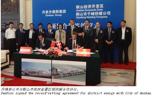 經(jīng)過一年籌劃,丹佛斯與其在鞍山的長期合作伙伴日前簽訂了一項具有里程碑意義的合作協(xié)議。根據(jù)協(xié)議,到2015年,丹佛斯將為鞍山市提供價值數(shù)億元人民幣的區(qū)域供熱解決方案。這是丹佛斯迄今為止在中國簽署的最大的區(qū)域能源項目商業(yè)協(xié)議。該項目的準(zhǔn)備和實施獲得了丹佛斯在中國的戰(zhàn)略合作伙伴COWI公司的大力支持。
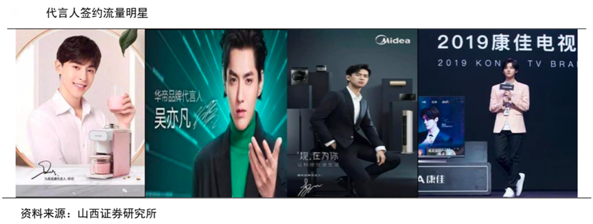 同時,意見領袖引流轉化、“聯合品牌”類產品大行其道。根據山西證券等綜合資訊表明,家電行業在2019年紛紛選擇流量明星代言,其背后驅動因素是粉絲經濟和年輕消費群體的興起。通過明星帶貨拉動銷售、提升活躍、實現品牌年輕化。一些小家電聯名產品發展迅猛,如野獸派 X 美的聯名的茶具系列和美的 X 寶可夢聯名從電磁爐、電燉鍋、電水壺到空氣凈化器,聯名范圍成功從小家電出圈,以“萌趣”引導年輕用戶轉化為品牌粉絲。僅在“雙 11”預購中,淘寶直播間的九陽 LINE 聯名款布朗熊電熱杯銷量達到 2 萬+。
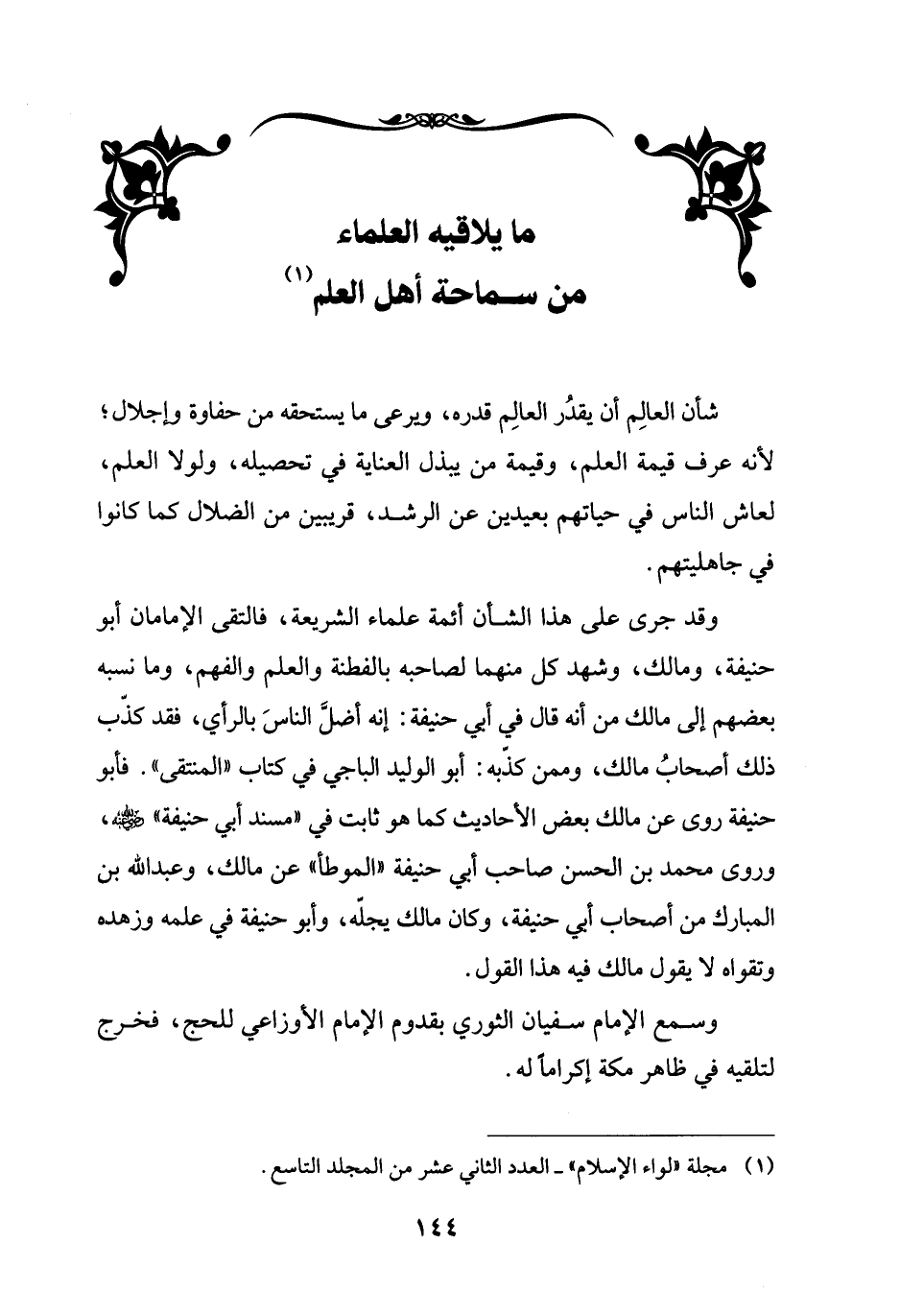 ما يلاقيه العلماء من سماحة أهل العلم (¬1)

...

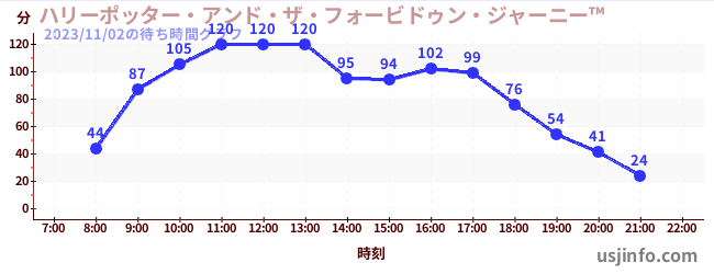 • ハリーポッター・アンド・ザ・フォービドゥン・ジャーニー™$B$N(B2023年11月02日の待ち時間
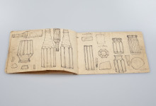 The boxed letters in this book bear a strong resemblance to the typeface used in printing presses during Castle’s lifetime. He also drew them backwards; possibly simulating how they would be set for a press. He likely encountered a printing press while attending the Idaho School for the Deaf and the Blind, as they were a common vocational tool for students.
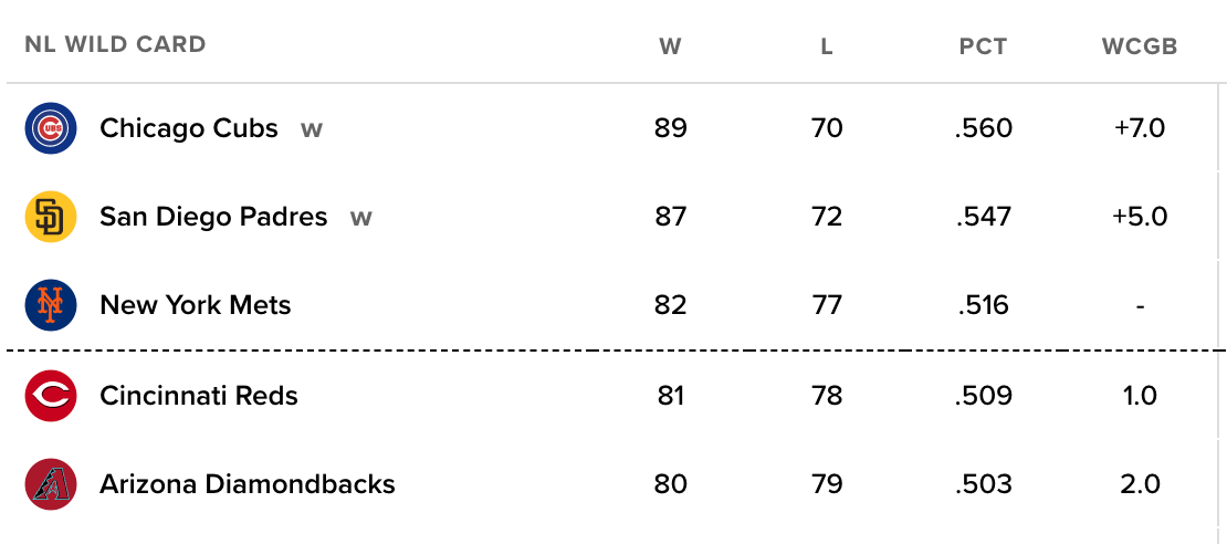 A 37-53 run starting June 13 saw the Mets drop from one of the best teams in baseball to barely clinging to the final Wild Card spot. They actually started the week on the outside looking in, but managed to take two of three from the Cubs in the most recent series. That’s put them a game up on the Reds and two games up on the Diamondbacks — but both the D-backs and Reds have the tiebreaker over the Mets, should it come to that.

==

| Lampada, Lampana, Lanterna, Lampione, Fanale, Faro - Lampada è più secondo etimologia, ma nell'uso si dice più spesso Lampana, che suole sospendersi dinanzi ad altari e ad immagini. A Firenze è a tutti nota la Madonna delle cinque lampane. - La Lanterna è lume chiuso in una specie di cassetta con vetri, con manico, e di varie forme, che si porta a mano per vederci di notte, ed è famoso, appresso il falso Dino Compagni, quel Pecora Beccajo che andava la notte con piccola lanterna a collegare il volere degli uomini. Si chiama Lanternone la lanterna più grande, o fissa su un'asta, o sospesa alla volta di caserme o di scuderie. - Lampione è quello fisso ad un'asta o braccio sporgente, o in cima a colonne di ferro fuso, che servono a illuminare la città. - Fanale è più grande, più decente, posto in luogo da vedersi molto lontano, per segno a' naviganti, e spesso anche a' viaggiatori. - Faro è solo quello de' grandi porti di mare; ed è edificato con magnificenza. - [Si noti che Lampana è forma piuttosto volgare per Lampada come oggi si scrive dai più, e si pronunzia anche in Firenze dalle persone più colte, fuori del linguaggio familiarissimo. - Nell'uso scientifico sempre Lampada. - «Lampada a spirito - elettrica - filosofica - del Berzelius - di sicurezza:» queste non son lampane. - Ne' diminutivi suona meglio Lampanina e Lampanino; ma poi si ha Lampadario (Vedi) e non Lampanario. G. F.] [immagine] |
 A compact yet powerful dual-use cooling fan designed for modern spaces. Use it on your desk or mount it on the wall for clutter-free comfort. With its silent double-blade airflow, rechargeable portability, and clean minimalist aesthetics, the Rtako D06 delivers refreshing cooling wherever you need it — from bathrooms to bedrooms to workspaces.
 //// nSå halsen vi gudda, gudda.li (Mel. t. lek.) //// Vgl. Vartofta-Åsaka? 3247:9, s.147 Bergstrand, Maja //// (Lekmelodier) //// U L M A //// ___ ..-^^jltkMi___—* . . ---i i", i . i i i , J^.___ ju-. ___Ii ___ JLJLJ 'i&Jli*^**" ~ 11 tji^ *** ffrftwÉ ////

> [The problem]: Take the lines above starting at the one containing "經(jīng)過一年籌劃,丹" and ending at the one containing "ما يلاقيه العلماء من سماحة أهل العلم (¬1)", and print them again exactly, without pictures.

> [Finished exercise]:
 經(jīng)過一年籌劃,丹佛斯與其在鞍山的長期合作伙伴日前簽訂了一項具有里程碑意義的合作協(xié)議。根據(jù)協(xié)議,到2015年,丹佛斯將為鞍山市提供價值數(shù)億元人民幣的區(qū)域供熱解決方案。這是丹佛斯迄今為止在中國簽署的最大的區(qū)域能源項目商業(yè)協(xié)議。該項目的準(zhǔn)備和實施獲得了丹佛斯在中國的戰(zhàn)略合作伙伴COWI公司的大力支持。
 同時,意見領袖引流轉化、“聯合品牌”類產品大行其道。根據山西證券等綜合資訊表明,家電行業在2019年紛紛選擇流量明星代言,其背后驅動因素是粉絲經濟和年輕消費群體的興起。通過明星帶貨拉動銷售、提升活躍、實現品牌年輕化。一些小家電聯名產品發展迅猛,如野獸派 X 美的聯名的茶具系列和美的 X 寶可夢聯名從電磁爐、電燉鍋、電水壺到空氣凈化器,聯名范圍成功從小家電出圈,以“萌趣”引導年輕用戶轉化為品牌粉絲。僅在“雙 11”預購中,淘寶直播間的九陽 LINE 聯名款布朗熊電熱杯銷量達到 2 萬+。
 ما يلاقيه العلماء من سماحة أهل العلم (¬1)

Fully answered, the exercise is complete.